And I'm sure Sainsbury's will be more entertaining than my waffle! Embarassed

I can assure you it wasn't, ID. No interesting or amusing incidents seem to happen there anymore, not even in the muesli aisle.

I don't know why I responded the way I did to your criticisms of Mantel. You must have touched a nerve somewhere. Certainly she is not everyone's favourite (several of my friends think she is "weird" and that I am even weirder for liking her so much). But she *is* a heroine of mine - I think she is a remarkable writer, and you have to admit that her research for her historical stuff is meticulous.

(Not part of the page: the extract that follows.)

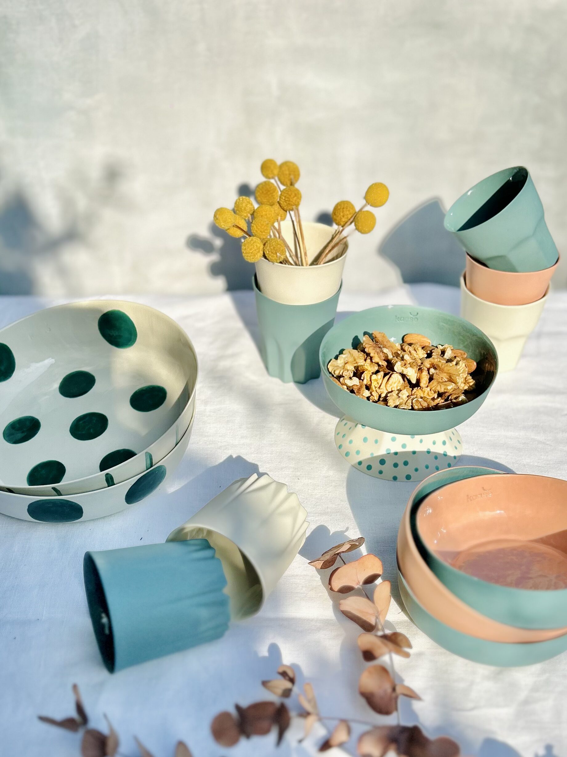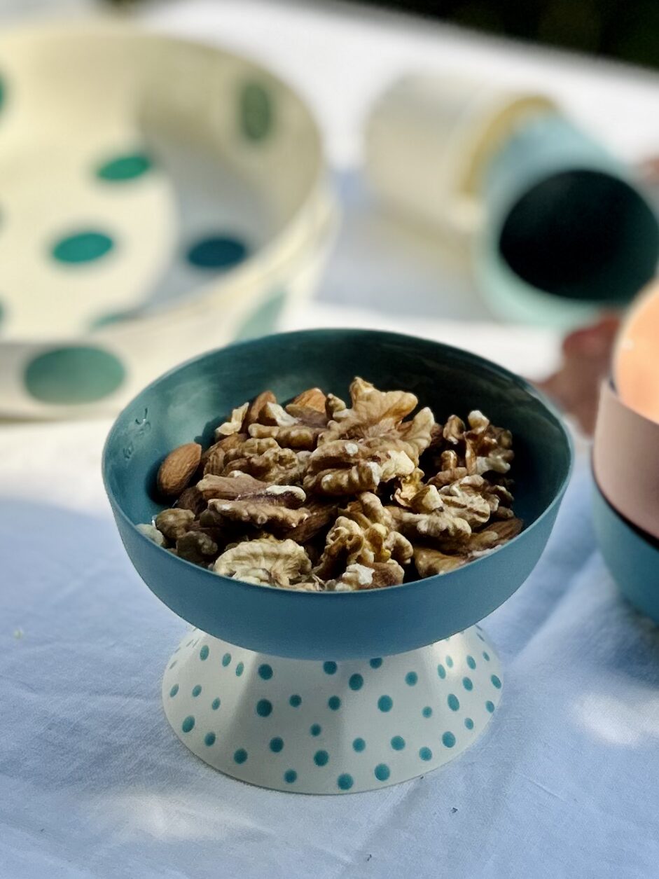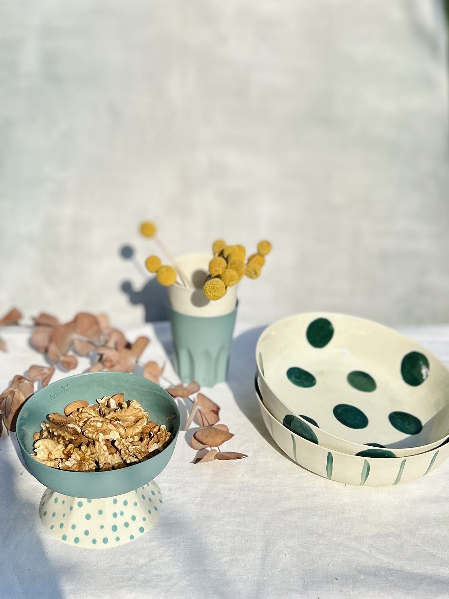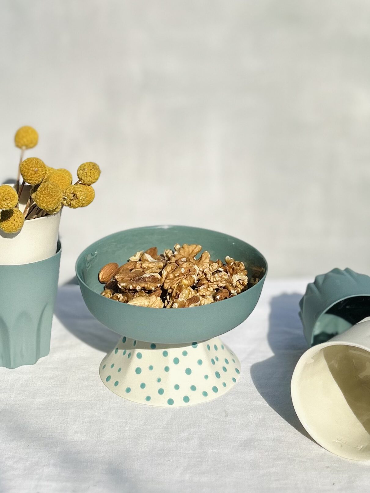 A porcelain footed serving bowl from the Macaron Collection. Handmade Limoges porcelain with delicate translucent walls. Perfect for snacks, salads and decorative display.

My one claim to fame is that (as I have told you all repeatedly - yawn) I have met her, albeit very briefly in a lavatory. We had a little chat about "Wolf Hall", and she was very kind and courteous to me, even though I told her that I thought (as you do) that she had been far too generous in her assessment of Cromwell's character. I also told her I thought she'd been unfair on poor old Thomas More just because he was a Catholic. She laughed at that.

Donning Mantel's mantle, eh? In my dreams, although I can certainly do the pretentious woffle bit on demand. A Good Read 650269930

I'm reading Susan Doran's book about Elizabeth I at the moment - it's not fiction though. But it's making me realise that everything I've thought about that woman to date probably is.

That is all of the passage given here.